Nach langer Ungewissheit steht fest: So verläuft die A44 im unteren Lossetal

Kaufungen/Helsa. Nachdem Hessens Verkehrsminister Tarek Al-Wazir (Grüne) vergangenen Freitag die Planung für die A44 bei Kaufungen grob vorgestellt hat, präsentieren wir hier nun die Details. Erstmals ist auch die Karte mit dem geplanten Verlauf der A44 zwischen Kassel und Helsa zu sehen.

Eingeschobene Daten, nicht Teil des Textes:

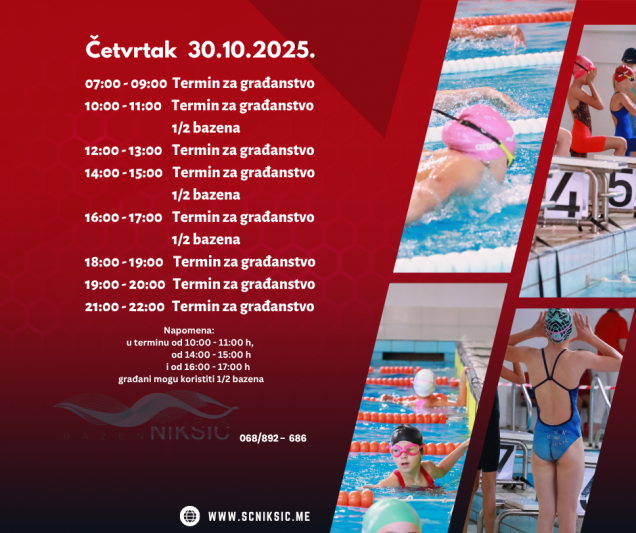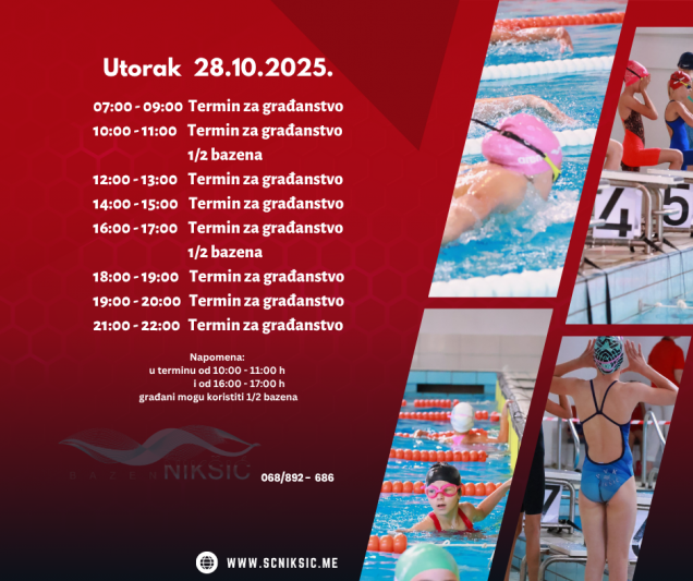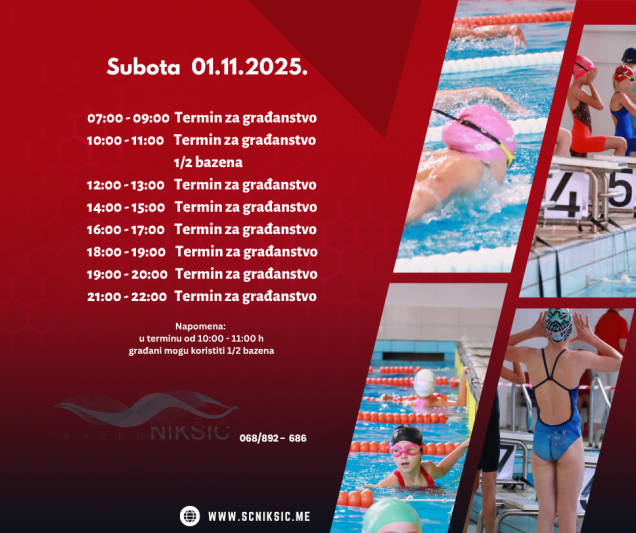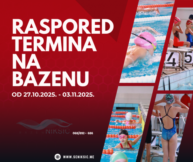 RASPORED TERMINA NA BAZENU OD 27.10.2025. – 03.11.2025. 26. oktobra 2025. by Sportski Centar Posted in:Obavještenja See more Prev:RASPORED TERMINA NA BAZENU OD 20.10.2025. – 27.10.2025. Back: Svi članci

Dies sind die markanten Punkte des Autobahnabschnitts von Westen nach Osten:

Dreieck Kassel-Ost

Lesen Sie auch:

- Bundesrechnungshof: Prüfung von A44-Planung bald abgeschlossen

Die heutige Anschlussstelle Kassel-Ost wird zu einem Dreieck umgebaut. Dabei entfällt die Autobahnauf- und abfahrt bei Kaufungen-Papierfabrik. Die Planer haben laut Hessen Mobil verschiedene Alternativen untersucht, um die Anschlussstelle trotz Autobahndreieck zu erhalten. Sie seien aber alle problematisch. Die Varianten müssten im Planfeststellungsverfahren abgewogen werden. Die Kommunen Kaufungen, Niestetal und Kassel sowie örtliche Unternehmen machen sich für den Erhalt der Anschlussstelle stark, weil sie längere Verkehrswege und mehr Lärm für die Anwohner befürchten.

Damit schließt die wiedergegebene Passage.